Of particular interest to the tax credit community because of the ubiquitous use of partnerships in tax credit structures, partnerships are addressed under the BEAT using aggregate theory. This means that corporations who are partners in a partnership must look through to the partner’s share of activity reported by the partnership in calculating the corporate partner’s BEAT. Certain exceptions exist for small partnerships comprising less than 10 percent ownership and a fair market value of less than $25 million.

Taxpayers may rely on the proposed regulations until they are finalized, as long as the taxpayer and all related parties consistently apply the proposed regulations for all taxable years ending prior to the finalization date.

Separately, the IRS recently released final form 8991 and the instructions to form 8991. The form is helpfully organized into four parts and two schedules, spread across five pages. Aside from a few exceptions for regulated investment companies, REITs and S corporations, every corporation with gross receipts of at least $500 million in one of the last three years is required to file the form with its annual tax return. The form walks a taxpayer through the calculation necessary to evaluate whether the taxpayer is subject to the BEAT, and then through the calculation of the BEAT owed by the taxpayer.

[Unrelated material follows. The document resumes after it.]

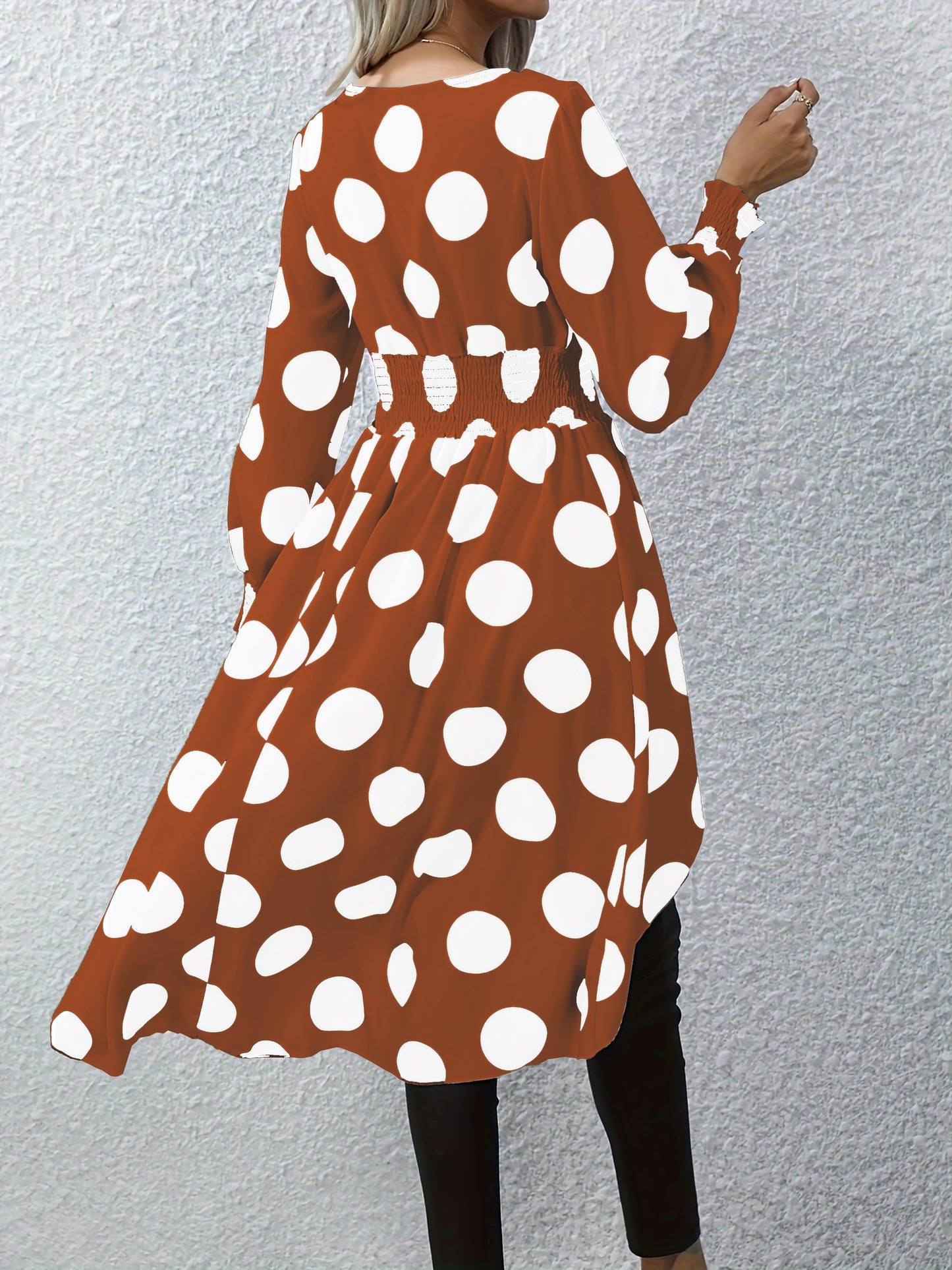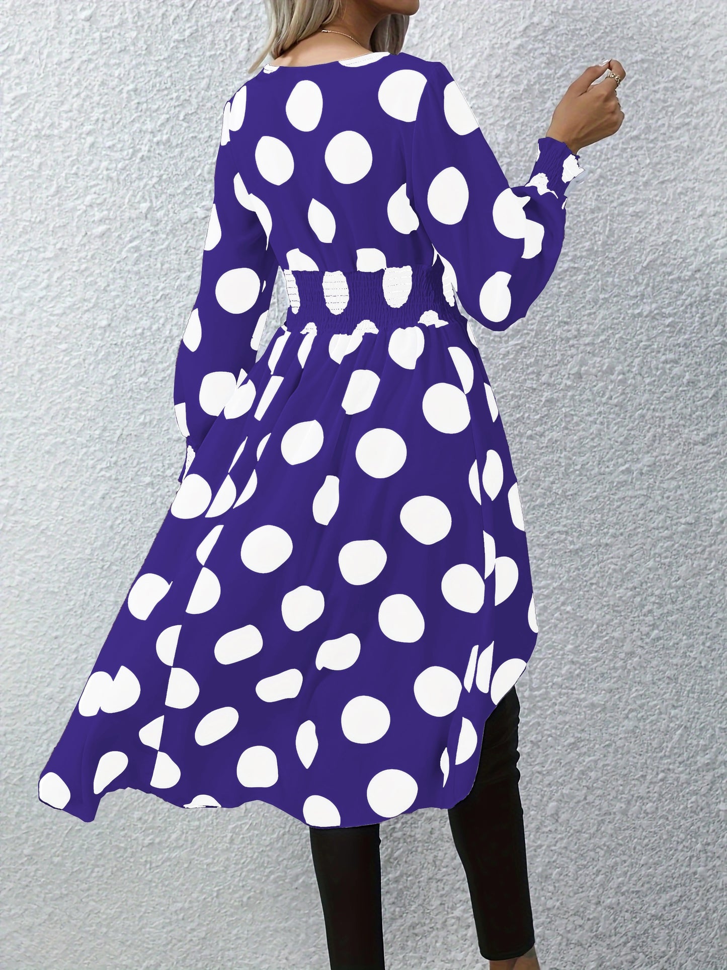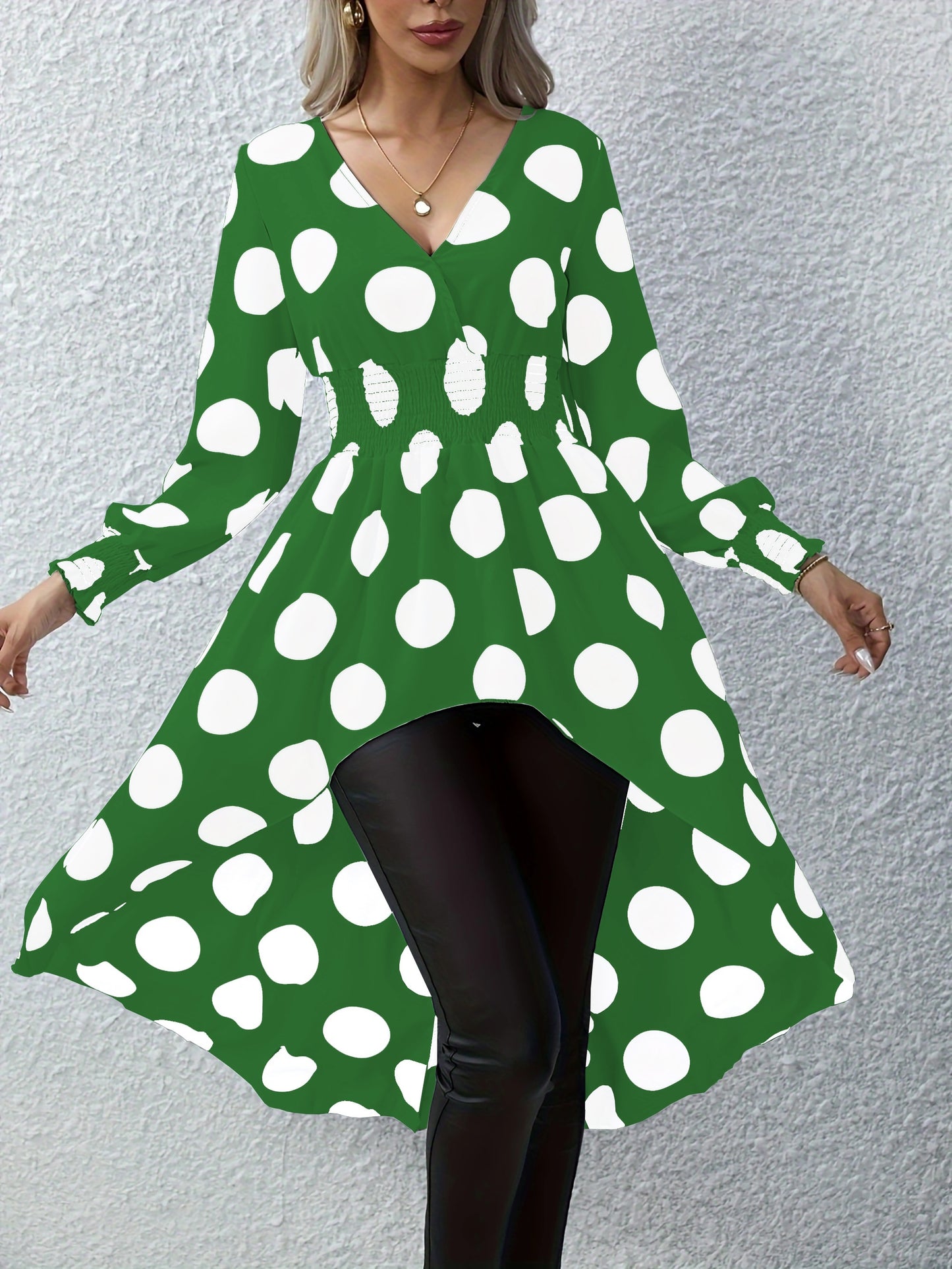 Women's Casual V-Neck Tunic - Polka Dot Print for Fall Style

Although Treasury may have largely finished with BEAT guidance for the time being, it is far from certain that it will remain unchanged in the long term, given its unpopularity with many corporations with extensive foreign operations and affiliates. House Ways and Means Committee Chairman Richard Neal, D-Mass., has pledged to examine the BEAT in hearings on tax reform early this year, and Congress may revise the provision. Stay tuned.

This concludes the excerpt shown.